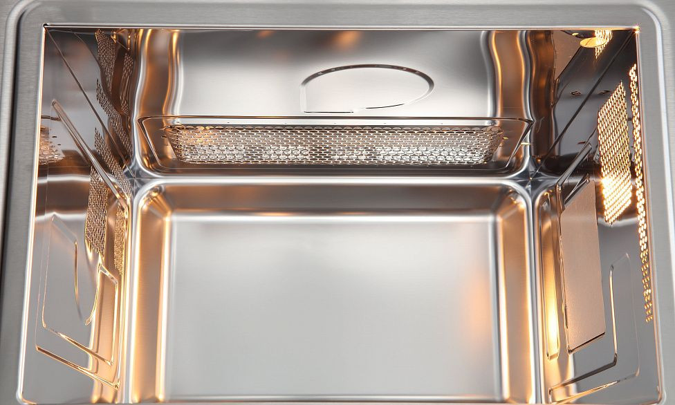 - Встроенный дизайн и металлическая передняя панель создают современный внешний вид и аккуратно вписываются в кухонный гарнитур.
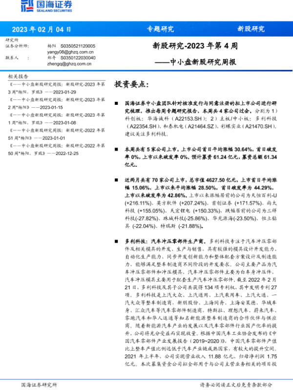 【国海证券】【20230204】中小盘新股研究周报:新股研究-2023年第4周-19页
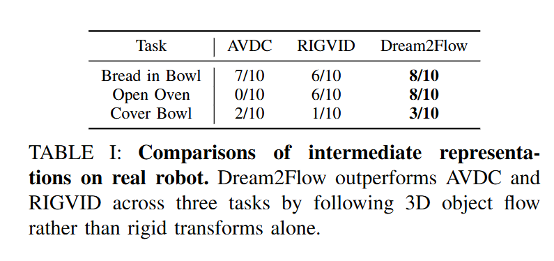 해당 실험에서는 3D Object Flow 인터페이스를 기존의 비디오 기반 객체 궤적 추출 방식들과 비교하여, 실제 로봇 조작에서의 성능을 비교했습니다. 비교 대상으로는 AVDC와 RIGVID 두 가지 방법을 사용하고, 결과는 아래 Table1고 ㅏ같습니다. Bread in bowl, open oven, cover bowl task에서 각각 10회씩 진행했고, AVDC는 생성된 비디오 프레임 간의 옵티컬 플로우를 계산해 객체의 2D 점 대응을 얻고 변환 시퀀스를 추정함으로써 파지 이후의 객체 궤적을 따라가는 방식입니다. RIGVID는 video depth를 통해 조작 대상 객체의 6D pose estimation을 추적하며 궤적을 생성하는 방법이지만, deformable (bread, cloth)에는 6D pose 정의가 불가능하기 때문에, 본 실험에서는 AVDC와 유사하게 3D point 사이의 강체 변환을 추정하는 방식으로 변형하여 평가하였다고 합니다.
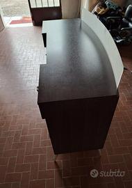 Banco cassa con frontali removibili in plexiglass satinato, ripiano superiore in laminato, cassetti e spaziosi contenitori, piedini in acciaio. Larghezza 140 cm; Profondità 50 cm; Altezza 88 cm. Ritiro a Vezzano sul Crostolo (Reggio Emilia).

-*-

All of the material above should be set down again exactly, though not its pictures.

§ **EXPECTED ANSWER**:
 - Встроенный дизайн и металлическая передняя панель создают современный внешний вид и аккуратно вписываются в кухонный гарнитур.
 【国海证券】【20230204】中小盘新股研究周报:新股研究-2023年第4周-19页
 해당 실험에서는 3D Object Flow 인터페이스를 기존의 비디오 기반 객체 궤적 추출 방식들과 비교하여, 실제 로봇 조작에서의 성능을 비교했습니다. 비교 대상으로는 AVDC와 RIGVID 두 가지 방법을 사용하고, 결과는 아래 Table1고 ㅏ같습니다. Bread in bowl, open oven, cover bowl task에서 각각 10회씩 진행했고, AVDC는 생성된 비디오 프레임 간의 옵티컬 플로우를 계산해 객체의 2D 점 대응을 얻고 변환 시퀀스를 추정함으로써 파지 이후의 객체 궤적을 따라가는 방식입니다. RIGVID는 video depth를 통해 조작 대상 객체의 6D pose estimation을 추적하며 궤적을 생성하는 방법이지만, deformable (bread, cloth)에는 6D pose 정의가 불가능하기 때문에, 본 실험에서는 AVDC와 유사하게 3D point 사이의 강체 변환을 추정하는 방식으로 변형하여 평가하였다고 합니다.
 Banco cassa con frontali removibili in plexiglass satinato, ripiano superiore in laminato, cassetti e spaziosi contenitori, piedini in acciaio. Larghezza 140 cm; Profondità 50 cm; Altezza 88 cm. Ritiro a Vezzano sul Crostolo (Reggio Emilia).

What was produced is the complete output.